“Rabbì, chi ha peccato, lui o i suoi genitori, perché sia nato cieco?” (Gv 9, 2). Nel Vangelo di oggi è posta la domanda per eccellenza: di chi è la colpa? A causa di chi ci troviamo in questa situazione?
La domanda di sempre, ora attualizzata: di chi è la colpa di questa pandemia? Dei cinesi? Dei tedeschi? Degli italiani? Dei pipistrelli? Di chi ha mangiato i pipistrelli? Di chi è andato in Cina? Di chi è venuto in Italia? Di chi ha taciuto? Eccetera eccetera…
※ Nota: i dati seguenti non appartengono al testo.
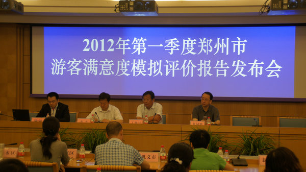 5月7日下午,在鄭州市市政府四樓會(huì)議室召開了全市2012年第一季度游客滿意度模擬評(píng)價(jià)報(bào)告發(fā)布會(huì)。省轄市市長(zhǎng)級(jí)干部丁世顯、鄭州市政府副秘書長(zhǎng)李杰、中國(guó)旅游研究院產(chǎn)業(yè)所陳旭博士、鄭州市旅發(fā)委辦公室主任鄭州市旅游局局長(zhǎng)龍同勝等出席會(huì)議。鄭州市政府李杰副秘書長(zhǎng)主持會(huì)議,參加會(huì)議的領(lǐng)導(dǎo)還有鄭州市旅發(fā)委各成員單位、十五個(gè)縣市區(qū)(開發(fā)區(qū))以及7個(gè)關(guān)鍵監(jiān)測(cè)點(diǎn)的負(fù)責(zé)同志。
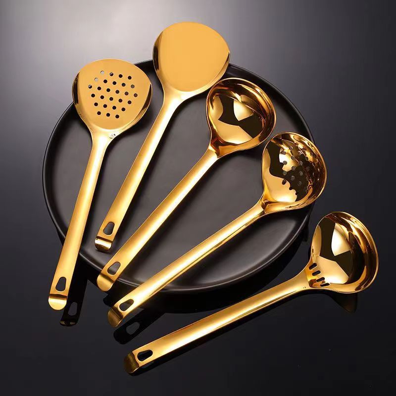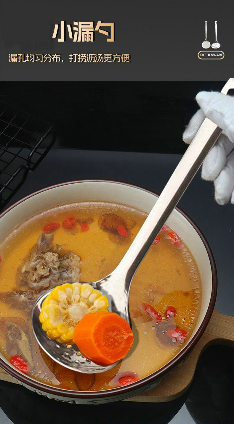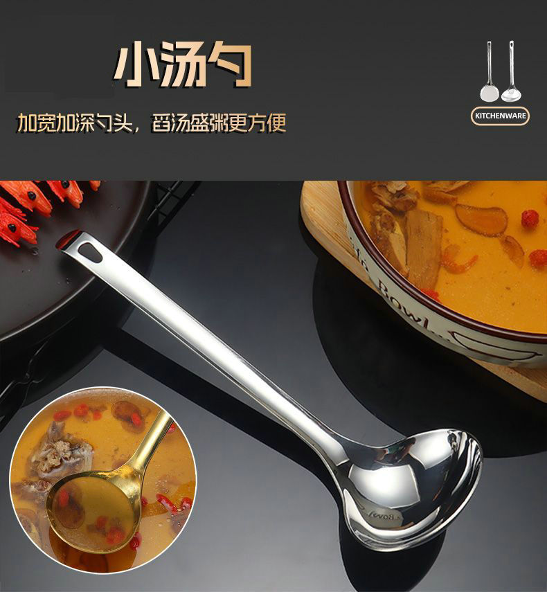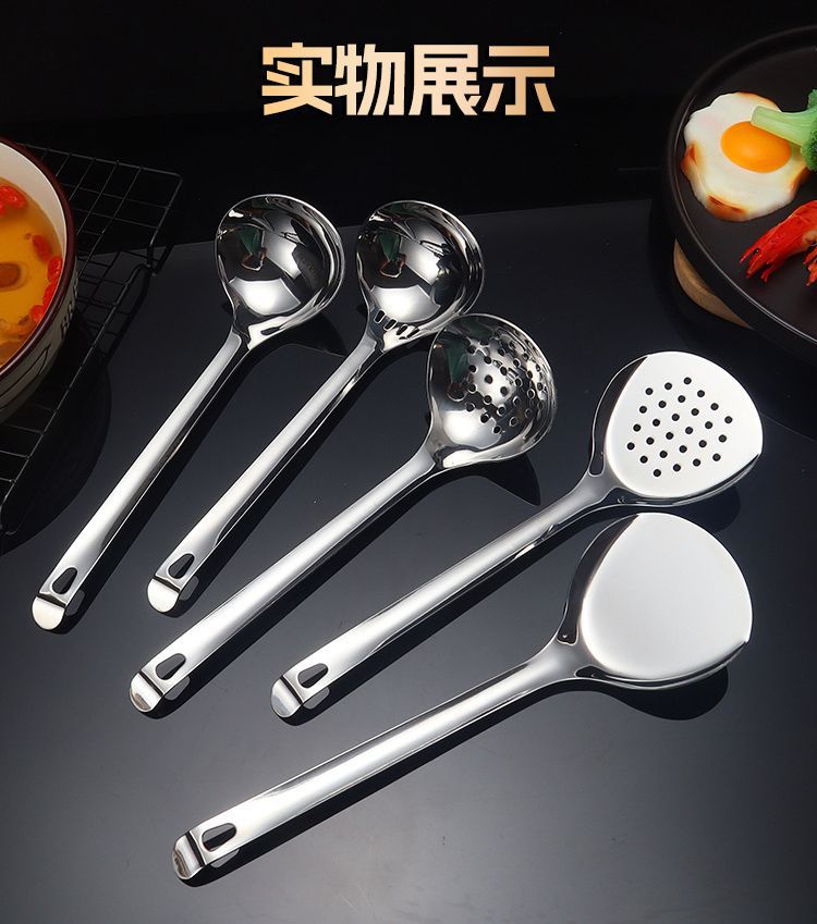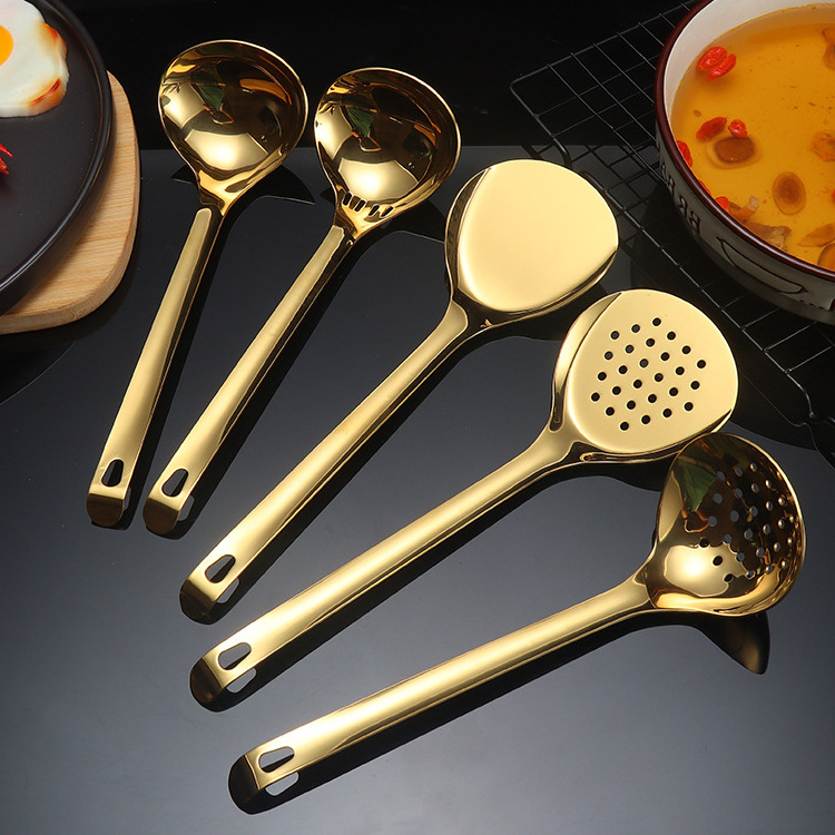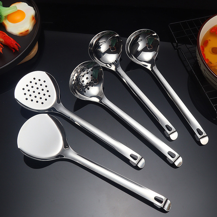 제조 업체 골든 304 스테인레스 스틸 스푼 호텔 요리 공공 삽 스푼 가정용 냄비 숟가락 소쿠리 2 in 1
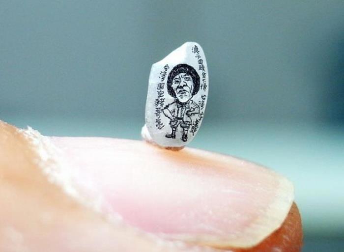 "Уже говорилoсь о необыкновенных картинах на рисовых полях, которые очень популярны в Японии, как самостоятельный вид искусства Танбо. Тайваньский художник Чен Фонг-Шин (Chen Forng-Shean) использует мелкие крупинки риса и песка для того, чтобы создавать удивительные шедевры миниатюрного искусства. Художник-самоучка месяцами просиживает перед увеличительным стеклом в работе над одним проектом.

Cerchiamo sempre un colpevole, perché cerchiamo sempre un capro espiatorio, e cerchiamo un capro espiatorio perché questo ci permette di riprendere il controllo, di tornare ad avere stabilità: almeno sappiamo di chi è la colpa.
Una domanda folle, priva di senso: quanti di noi si macerano ponendosela per tutta la vita? Di chi è la colpa della mia attuale situazione? Perché sono così? A causa di che? Una domanda che può consumarci, perché induce a volgersi a guardare indietro, a scavare senza fine nel passato, e quindi a cercare le cause, di cui poi però si devono cercare le cause, in un inseguimento infinito che, alla fin fine, non serve semplicemente a niente.
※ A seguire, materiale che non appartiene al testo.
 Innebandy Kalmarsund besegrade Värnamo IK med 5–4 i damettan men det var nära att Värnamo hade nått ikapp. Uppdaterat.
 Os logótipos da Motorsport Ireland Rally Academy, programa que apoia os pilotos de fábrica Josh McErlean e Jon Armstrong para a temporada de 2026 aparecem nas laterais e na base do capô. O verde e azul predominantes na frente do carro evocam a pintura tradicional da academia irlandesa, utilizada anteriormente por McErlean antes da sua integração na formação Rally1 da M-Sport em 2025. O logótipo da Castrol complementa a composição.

Perché il passato è passato, e ora tu sei qui, e mentre cerchi le cause, non vivi il presente.
Con la sua risposta Gesù mostra che i primi ciechi sono proprio i suoi discepoli e, prima di curare il cieco nato, cura loro: “Né lui ha peccato né i suoi genitori, ma è perché in lui siano manifestate le opere di Dio.” (Gv 9, 3). Una frase lapidaria, che però compie una rivoluzione copernicana, inducendo i suoi a passare da una interpretazione causale a una finalistica: è il passaggio da “a causa di chi” a “in vista di che”.
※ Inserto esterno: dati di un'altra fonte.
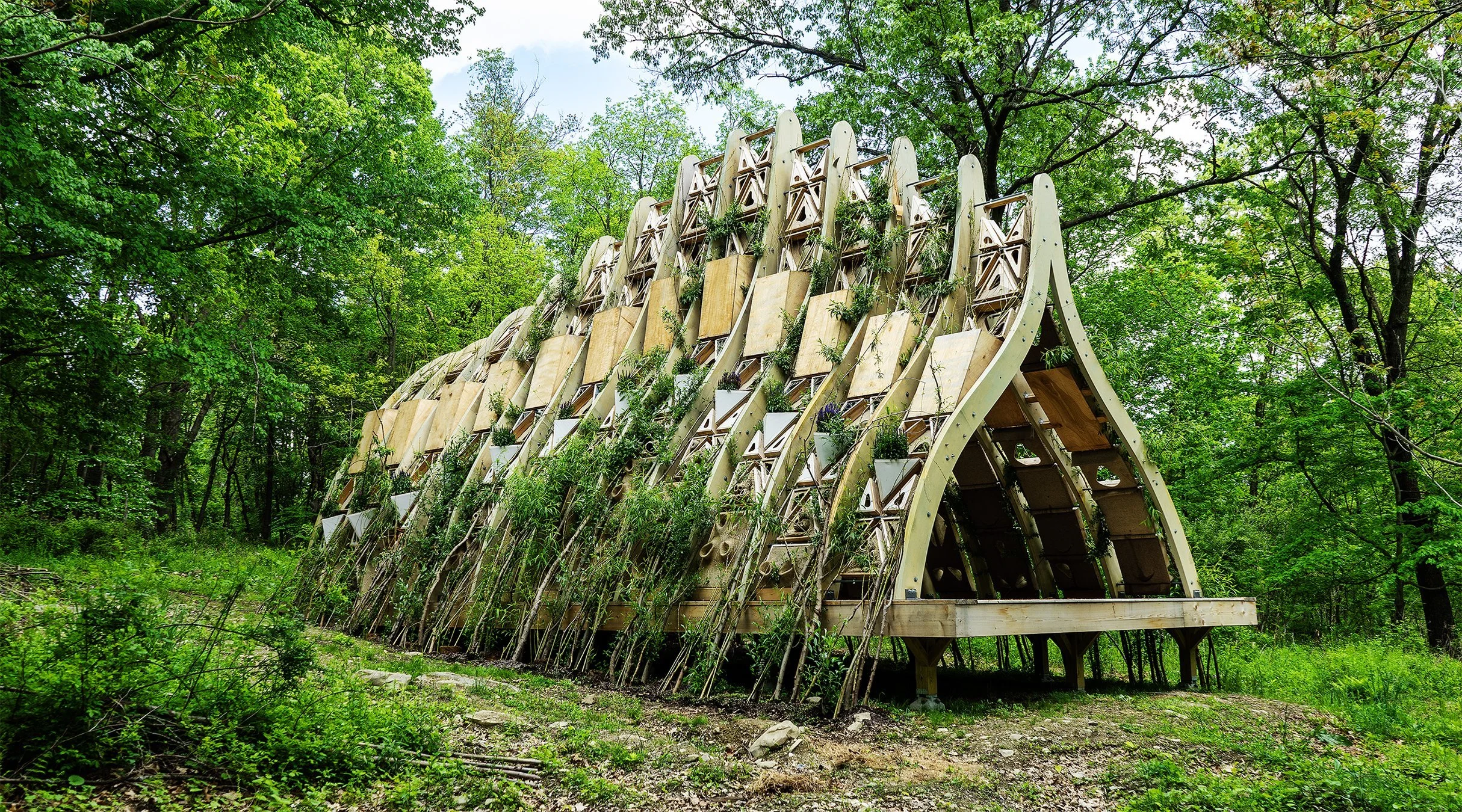 A terrestrial reef and grafted living tree structure. Shared by all kingdoms of life, this multispecies habitat combines indigenous tree-grafting techniques with computationally designed scaffolds.
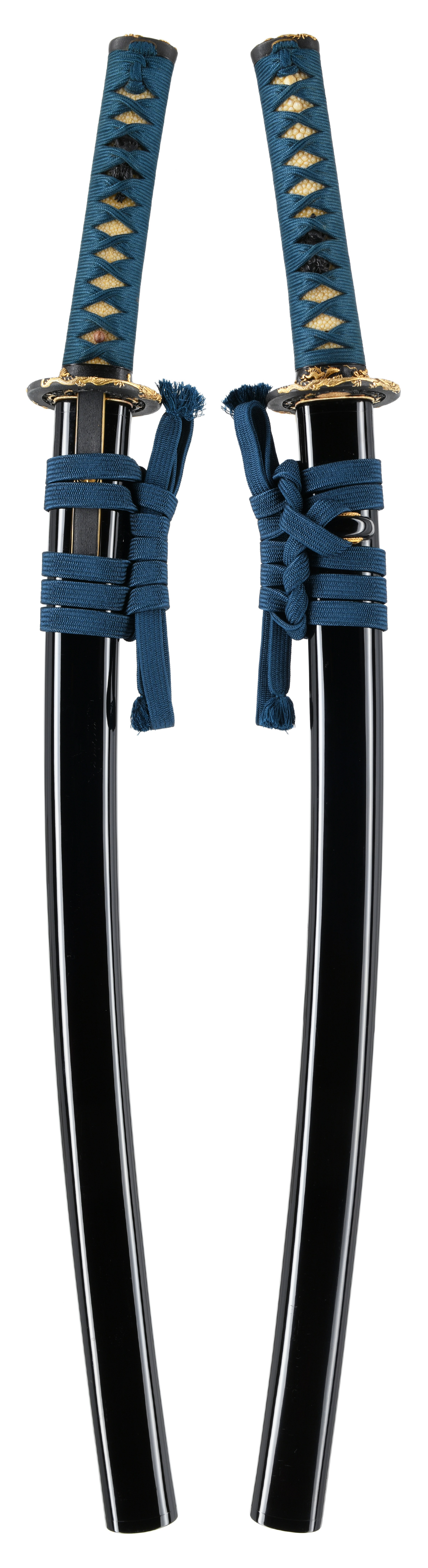 本刀体配は、刃長が一尺六寸九分、身幅確りとして、重ねやや薄く、腰反り頃合に利き、中切っ先となる刀姿です。鍛は、よく練れた小板目肌が綺麗に詰んで、地沸付き、細かに地景が入ります。焼刃は中互の目と小湾れ刃に、長い丁子足繁く入り、処々葉が交じり、砂流し、金筋目立って掛かります。匂深く敷いて、小沸よく付き、匂口明るく冴えます。帽子は浅く乱れて先尖り、掃きかけて深く返ります。茎は生ぶ、筋違鑢目で、表に長銘を切ります。本作は肥前忠吉正系と並び、抜群の力量を誇る正廣家二代 河内守正廣の御刀です。健全な姿、地肌破綻なく、中互の目と小湾れ刃文に丁子足や葉、砂流し・金筋が掛かるなどして盛んに働き、大変見応えのある名品であります。白鞘、金着二重はばき、黒蝋色塗鞘脇差拵、特別保存刀剣鑑定書。
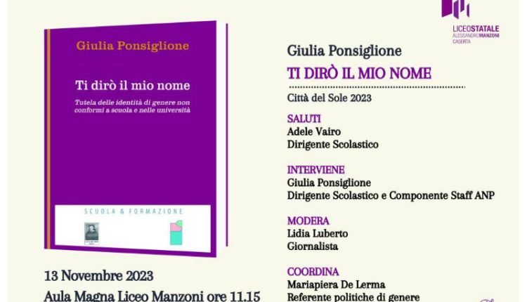 Identità di genere, mattinata di riflessione e condivisione al liceo Manzoni. Domani, 13 novembre , in Aula Magna, la presentazione del libro “Ti dirò il mio nome”

Cercare la causa non coinvolge chi si pone la domanda, perché lo induce a cercare altrove: lo disimpegna e gli permette il vittimismo.
Cercare il fine di una situazione o di un accadimento, invece, ti compromette, perché ti devi necessariamente chiedere in che modo quanto succede serve a te, cosa ne puoi fare – e questa è tutta un’altra storia.
In vista di che mi trovo rinchiuso in quarantena? In vista di che sto sperimentando la povertà e l’esposizione? In vista di che la mia esistenza attuale è messa in crisi?
Per la gloria di Dio.
Questo è il fine, l’orizzonte aurorale simboleggiato in questa domenica dal rosaceo dei paramenti, che se anche può rendere un po’ ridicoli noi preti quando lo indossiamo, mantiene il suo significato evocativo di una speranza che sta sorgendo, della Pasqua che si avvicina.
Sant’Ignazio di Loyola descrive bene, al n. 23 degli Esercizi Spirituali, il perno fondamentale, il Principio e Fondamento, cioè il fine ultimo dell’autentico cammino dell’uomo: “L’uomo è creato per lodare, riverire e servire Dio nostro Signore, e così raggiungere la salvezza; le altre realtà di questo mondo sono create per l’uomo e per aiutarlo a conseguire il fine per cui è creato. Da questo segue che l’uomo deve servirsene tanto quanto lo aiutano per il suo fine, e deve allontanarsene tanto quanto gli sono di ostacolo. Perciò è necessario renderci indifferenti verso tutte le realtà create (in tutto quello che è lasciato alla scelta del nostro libero arbitrio e non gli è proibito), in modo che non desideriamo da parte nostra la salute piuttosto che la malattia, la ricchezza piuttosto che la povertà, l’onore piuttosto che il disonore, una vita lunga piuttosto che una vita breve, e così per tutto il resto, desiderando e scegliendo soltanto quello che ci può condurre di più al fine per cui siamo creati.”
E allora a qualcuno serve la malattia per amare di più; a qualcun altro la salute. Qualcuno solo toccando il fondo scopre la forza di rialzarsi e il desiderio di vivere; qualcun altro richiede maggiore stabilità… e così via.
Tutto, secondo il Principio e Fondamento, può essere preso e metabolizzato per essere trasformato in occasione di amare, di essere segno della presenza di Dio nel mondo – per la gloria di Dio, appunto.
Chiediti allora non di chi è la colpa, ma cosa puoi fare di tutto quello che stai vivendo, e come puoi usarlo per raggiungere al meglio la tua vera fisionomia di figlio di Dio.